*Assignment*.
Copy, exactly as written, the lines that begin at the one containing "Fig 11: Barilius bendelisis" and end at the one containing "Figure 1. Whitening". Skip any pictures in the data below.

---- Extracted records

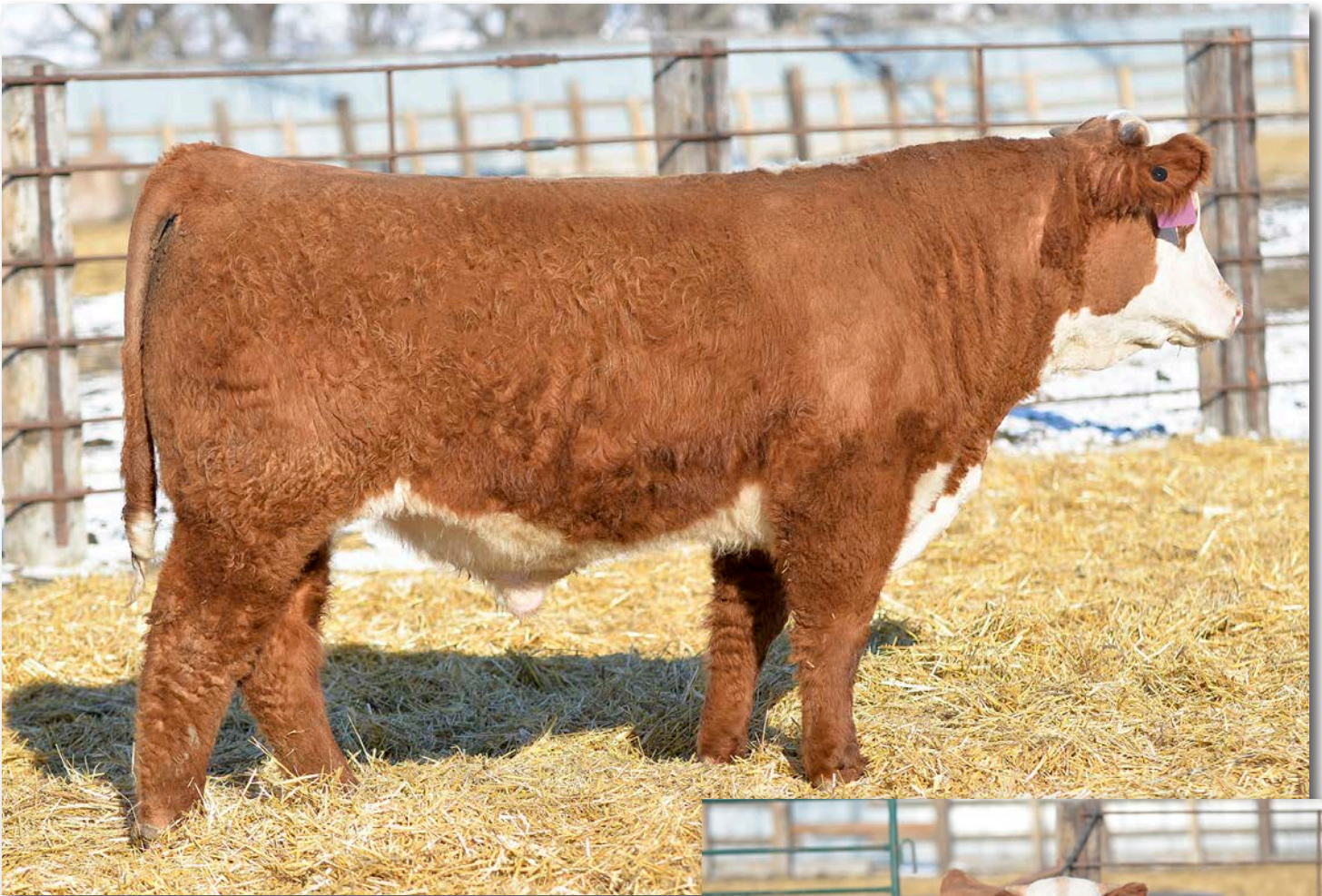
Lot 66 • ECR 9279 Deeper Yet 5650
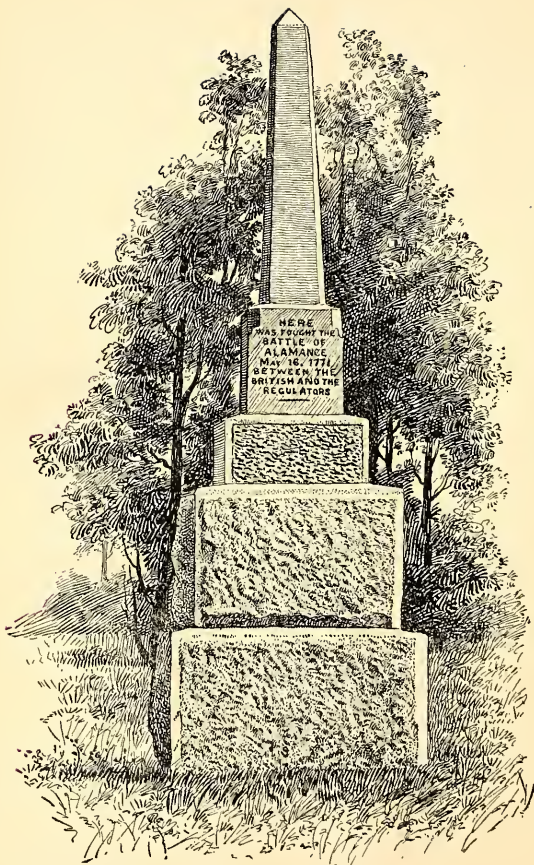
MONUMENT ON ALAMANCE BATTLE-GROUND.
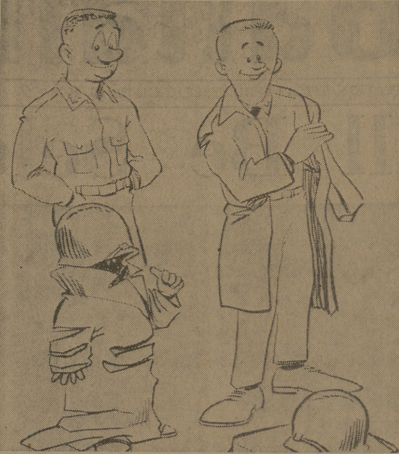
"... Personally, I like to have a uniform I can grow to!"
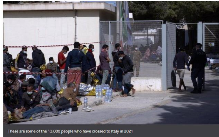
These are some of the 13,000 people who have crossed to Italy in 2021

Cloaked by darkness and guarded by police, they huddle together at the port: the latest migrants to reach Lampedusa, out of the shadows and into Europe.
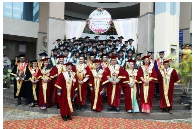
FIG 1: Glimpses of Graduation Day
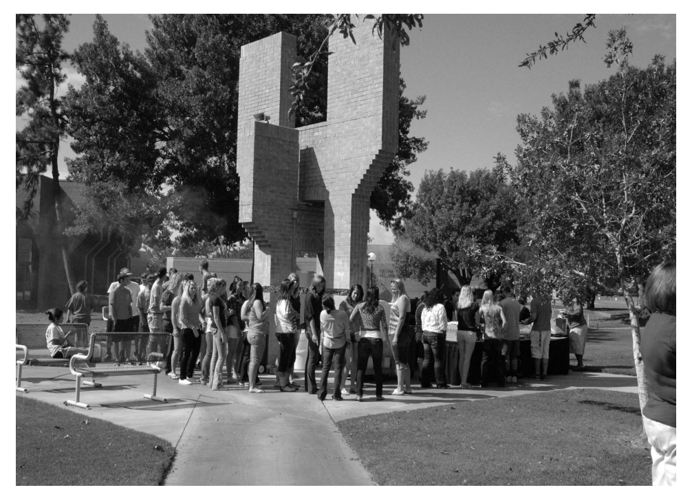
Vernon College celebrated its 40th Anniversary this past year with a cookout for students, employees, and community members.

Students who enter an institution of higher education in the fall 1997 semester or later may be eligible for up to a $1,000 tuition rebate as authorized by Section 54.0065 of the Texas Education Code. Eligible students must be pursuing their first baccalaureate degree from a Texas public university, must have been a resident of Texas, must have attempted all course work at a Texas public institution of higher education, and must and attempted no more than three (3) hours in excess of the minimum number of semester credit hours required to complete the degree.
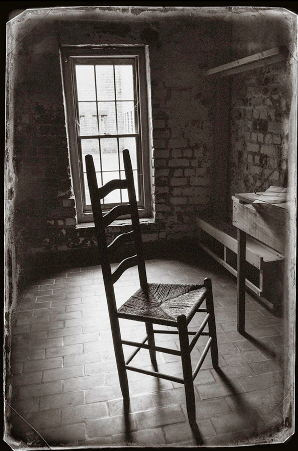
Fort Jackson 6082
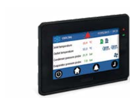
Latest-generation touch screen user terminal.
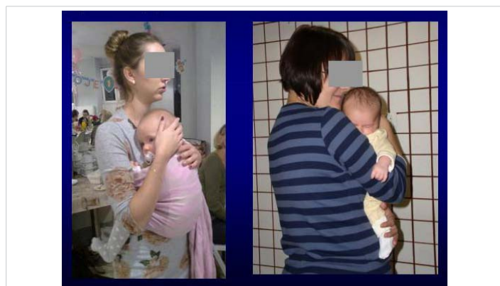
Figure 3: Nursing. On both Figures (A) and (B) - proper therapy of the wry neck left sided – in Latin – "torticollis sinister". The permanent position in rotation of the head to the left side is the best and only one proper method of therapy of the wry neck. Hips in abduction – prophylaxis of dysplasia.
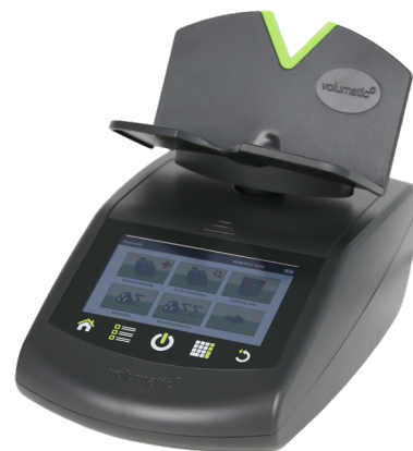
Easy to operate

Counting data can be transferred directly from the CountEasy 2 to a Windows cable directly from the CountEasy 2 to a Windows PC for further processing.
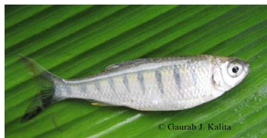
Fig 11: Barilius bendelisis
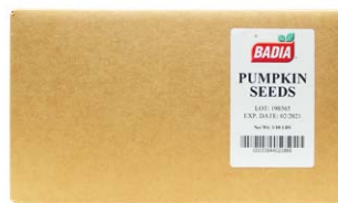
PUMPKIN SEEDS - 02086 1/10 LBS
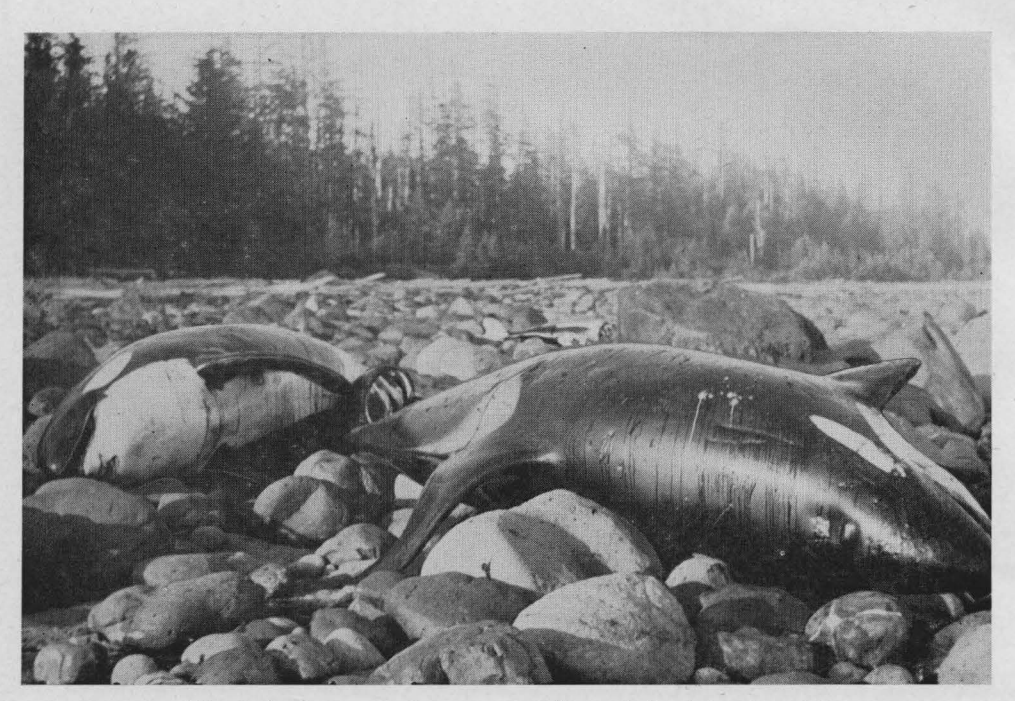
Fig. 3. In foreground, two male killer whales, Nos. 6 and 7.
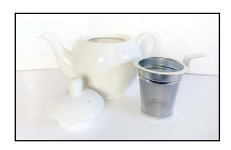
35135 Teapot With Stainless Steel Strainer - Porcelain Contains 0.35l
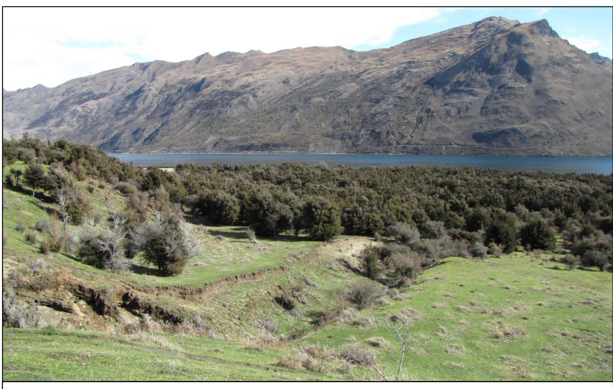
Figure 3: A representative photograph of the proposed 'Mt Burke SNA A'.
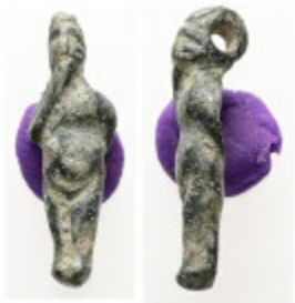
738 1.74 g 21.54 mm AE Ancient object
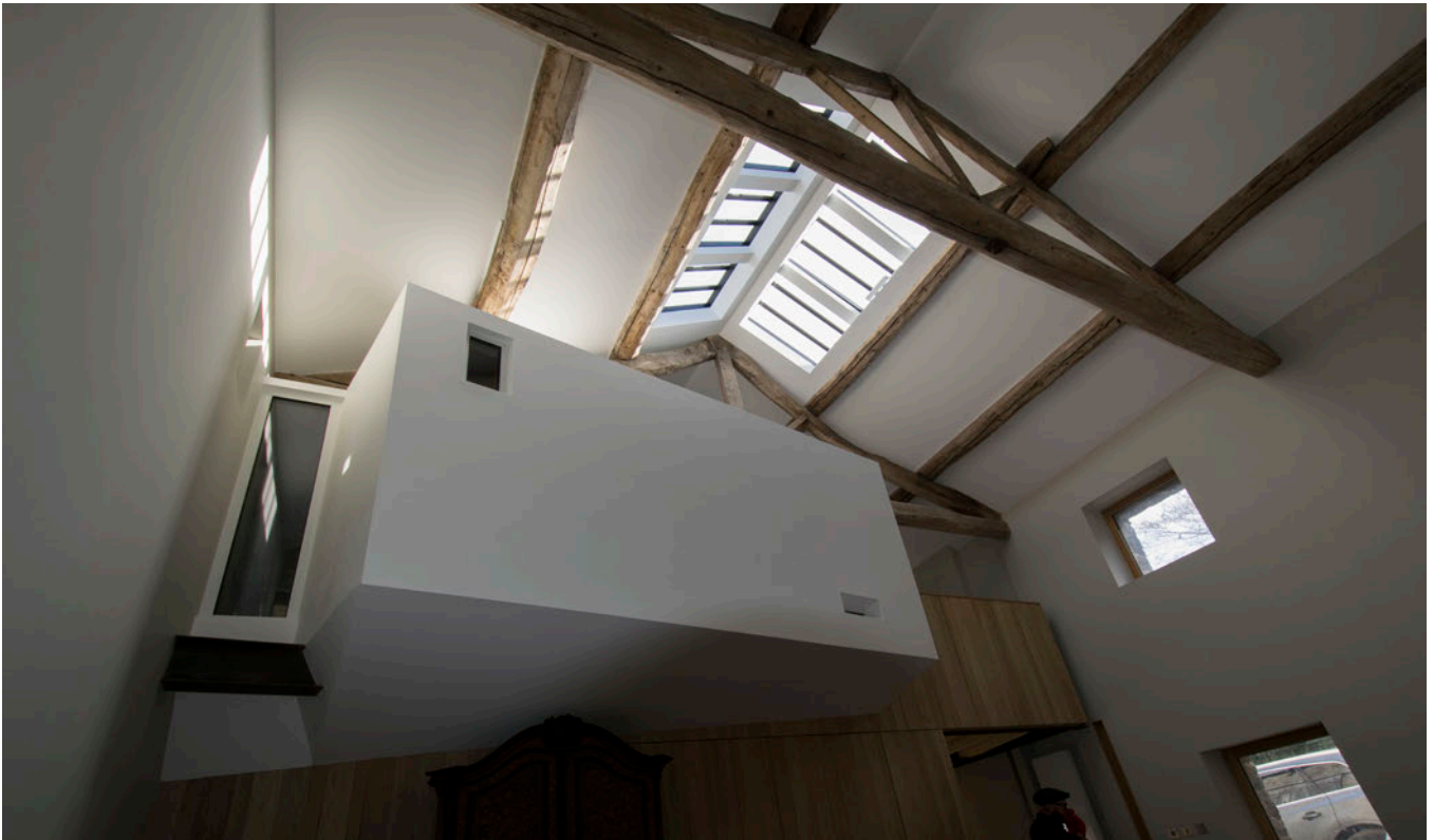
New interior structures in this barn conversion float free of the historic fabric and keep the full height space legible. (© CE+CA Architects)

5.73 Fire prevention systems may need to be specially adapted for historic building conversions. It is preferable to install a radio alarm system (to avoid wiring). The use of sprinkler or water mist systems can sometimes be used to avoid fire compartmentation and the subdivision of large internal spaces, particularly at first floor level in barns. Some historic doors can be adapted to comply with fire safety regulations, for example by the use of intumescent (fire retardant) paints and strips. It may be necessary to alter the design of existing windows for fire escape purposes, and the implications of this should be considered at an early stage.
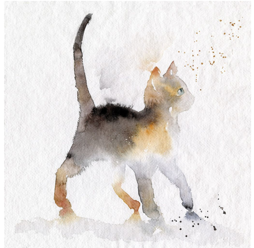
Field ontology - continuous

- fields \phi(\mathbf{x}) = (h(\mathbf{x}), \mathbf{A}(\mathbf{x}), \dots) at all space points \mathbf{x} .
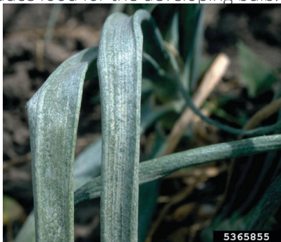
Figure 1. Whitening of onion leaves from the feeding of thrips.

Thrips feed on the leaves of onion plants, causing the leaves to turn white (Figure 1). High-level infestations cause significant leaf damage that results in a reduction of photosynthetic area and the plant's ability to produce food for the developing bulb. Infestations that develop during the early stages of bulb formation have the largest impact on bulb size and quality. Infestations later in the season are less problematic, as onions can tolerate higher populations of thrips when they are closer to harvest. Thrips feeding damage affects the leaf quality of green onions because of the formation of feeding scars. 1 Thrips are also a vector of the Iris yellow spot virus on onions.
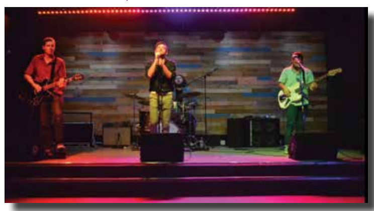
Le Bons Temps
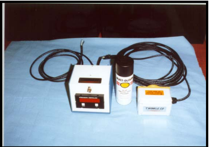
HOWDEEP display with signal brick shown with a standard size can of spray paint.
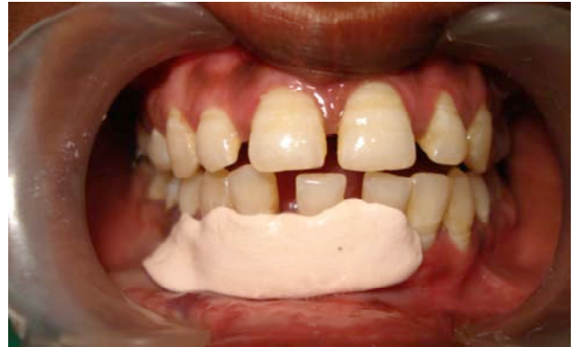
Fig. (6). Periodontal dressing.
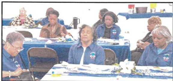
The Theme was Embracing Grace: A Journey of Prayer
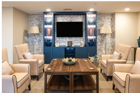
Comfortable social areas

Residents can enjoy a communal lounge and dining area. Meals are served in the dining room or residents can elect to have their meals delivered to their suite. Traditional home cooked food is offered using seasonal produce wherever

--------

*Task response*.
Fig 11: Barilius bendelisis
PUMPKIN SEEDS - 02086 1/10 LBS
Fig. 3. In foreground, two male killer whales, Nos. 6 and 7.
35135 Teapot With Stainless Steel Strainer - Porcelain Contains 0.35l
Figure 3: A representative photograph of the proposed 'Mt Burke SNA A'.
738 1.74 g 21.54 mm AE Ancient object
New interior structures in this barn conversion float free of the historic fabric and keep the full height space legible. (© CE+CA Architects)

5.73 Fire prevention systems may need to be specially adapted for historic building conversions. It is preferable to install a radio alarm system (to avoid wiring). The use of sprinkler or water mist systems can sometimes be used to avoid fire compartmentation and the subdivision of large internal spaces, particularly at first floor level in barns. Some historic doors can be adapted to comply with fire safety regulations, for example by the use of intumescent (fire retardant) paints and strips. It may be necessary to alter the design of existing windows for fire escape purposes, and the implications of this should be considered at an early stage.
Field ontology - continuous

- fields \phi(\mathbf{x}) = (h(\mathbf{x}), \mathbf{A}(\mathbf{x}), \dots) at all space points \mathbf{x} .
Figure 1. Whitening of onion leaves from the feeding of thrips.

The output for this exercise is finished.